Я подвел Джордан к дивану и дал ей аспирин. Она прижала лед к щеке, а я нанес мазь на ее синяки. Хотя я молчал, обрабатывая ее руки и ноги, внутри меня клокотала злость за то, что я позволил ему причинить ей такую боль.
Мне следовало убить Генри.
По крайней мере, синяки оказались поверхностными. Горячая ванна могла бы помочь. Я потянулся к подолу ее платья, чтобы осмотреть остальные повреждения.
— Что ты делаешь? — Она схватила меня за запястье, встревоженная.
— Мне нужно осмотреть твои синяки.
Она разгладила платье и покачала головой в яростном протесте.

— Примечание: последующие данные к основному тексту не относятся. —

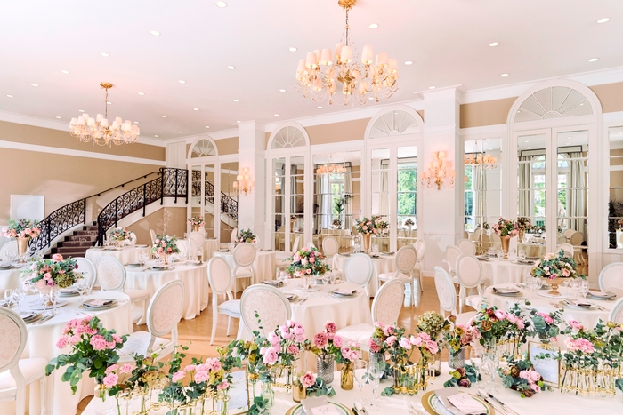 たくさんの窓から自然光が差し込む、アットホームさと華やかさを兼ね備えた邸宅。大人可愛いからナチュラルまで、自由自在に彩ります。ヒロインになった気分で登場できる、階段入場も人気。
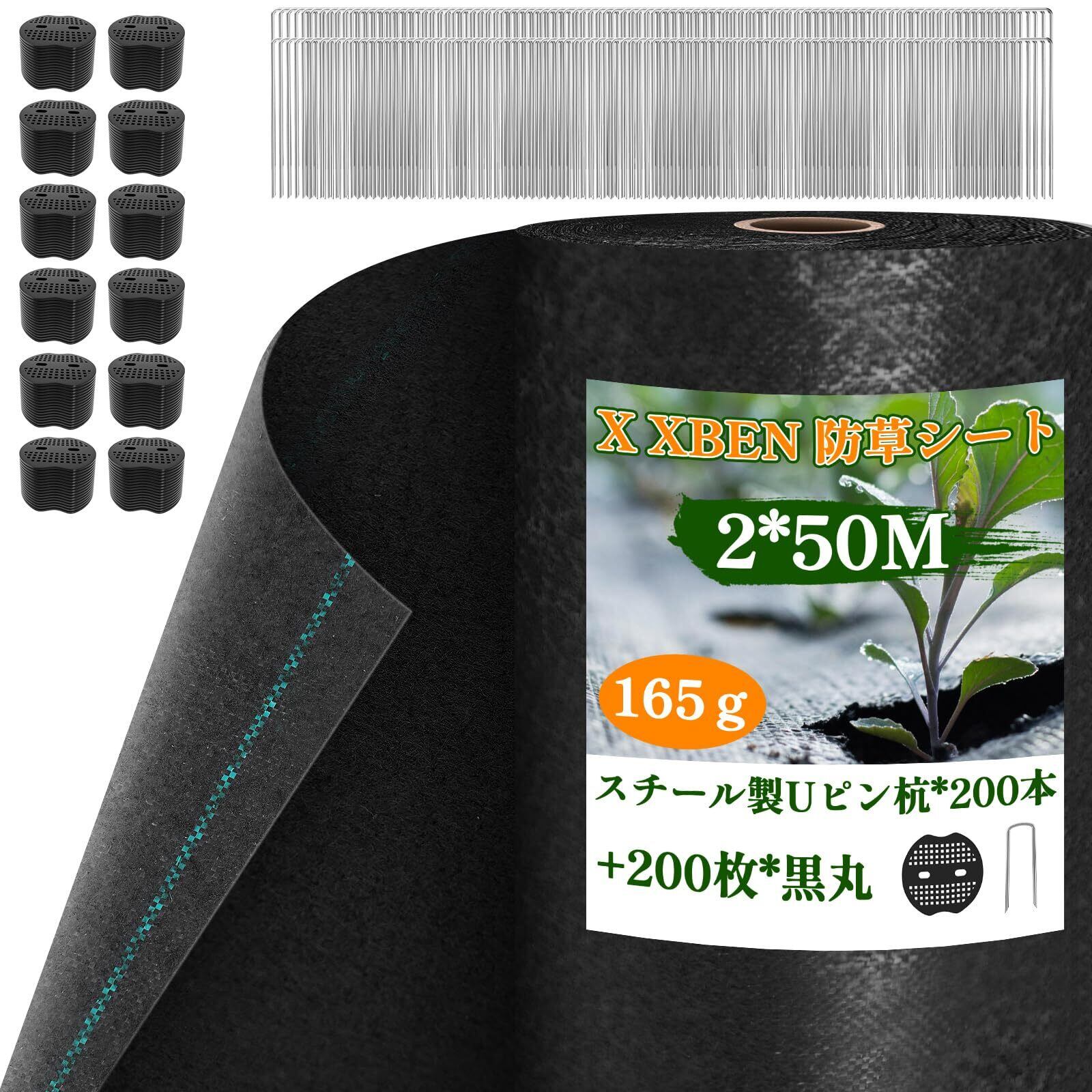 X XBEN 165g 防草シート2x50M 改良新型素材 固定Uピン杭200本と黒丸200枚付き 耐用年数5-7年 高耐用性アップ 草よけシート 雑草防止 雑草対策除草シート 高密度 高透水 ぼうそうシート 適格請求書発行可 | KSショップ
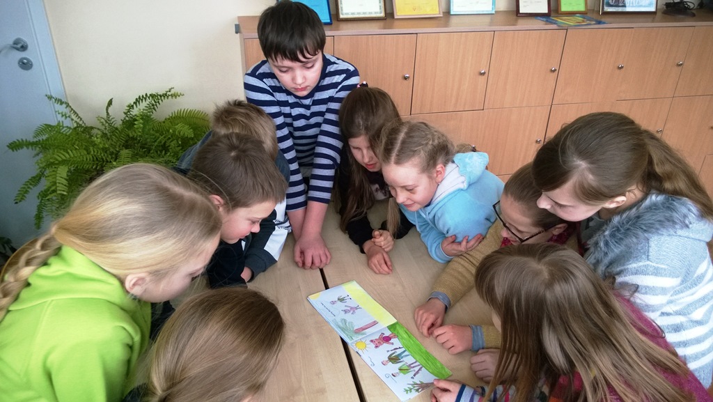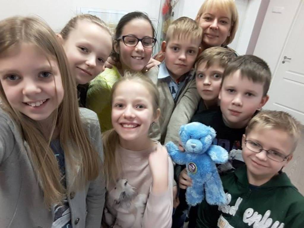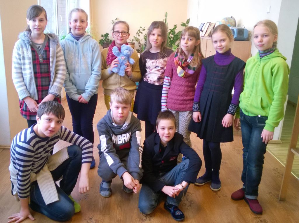 Ms Irena Mateliene, a teacher at Rokiškis Primary School-Kindergarten ,,Ąžuoliukas’”, took Wojtek to meet her students who were greatly interested in the bear’s story and loved the comic books they received from Academos students. Rokiškis is a small town in the western part of Lithuania.

— Я должен посмотреть, не сломано ли что-нибудь, детка, — нежно пробормотал я, каким-то образом умудряясь сохранять ровный голос.
После второй неудачной попытки я сдался.
— Хорошо. Мы сделаем это позже. Что тебе нужно прямо сейчас? — вместо этого спросил я.
Она перевела взгляд на бар. С неохотным вздохом я уступил ее невысказанной просьбе. Алкоголь не взаимодействовал с аспирином в малых дозах, который я ей дал; я узнал это после многих лет лечения хоккейных травм. На данный момент вино могло заглушить эмоциональную травму и физическую боль, которую она не позволила мне проверить.
Она молча приняла бокал красного вина, который я принес ей, маленькими глотками наслаждаясь сухим вкусом. Мы сидели в тишине, пока я брал куски льда и прикладывал к синякам на ее руке.
Когда я опустил лед и сказал: — Джордан, — она разрыдалась.
— Как? — спросила она между всхлипами. — Как я могла так ошибаться в нем?
Со слезами, текущими по ее щекам, Джордан медленно рассказала обо всем, что произошло сегодня вечером. Она раскачивалась взад-вперед на диване, заново переживая насилие Генри.
Я сжимал челюсть, пока она говорила, с трудом сдерживая себя в руках.
Единственным утешением было то, что Джордан больше не испытывала боли.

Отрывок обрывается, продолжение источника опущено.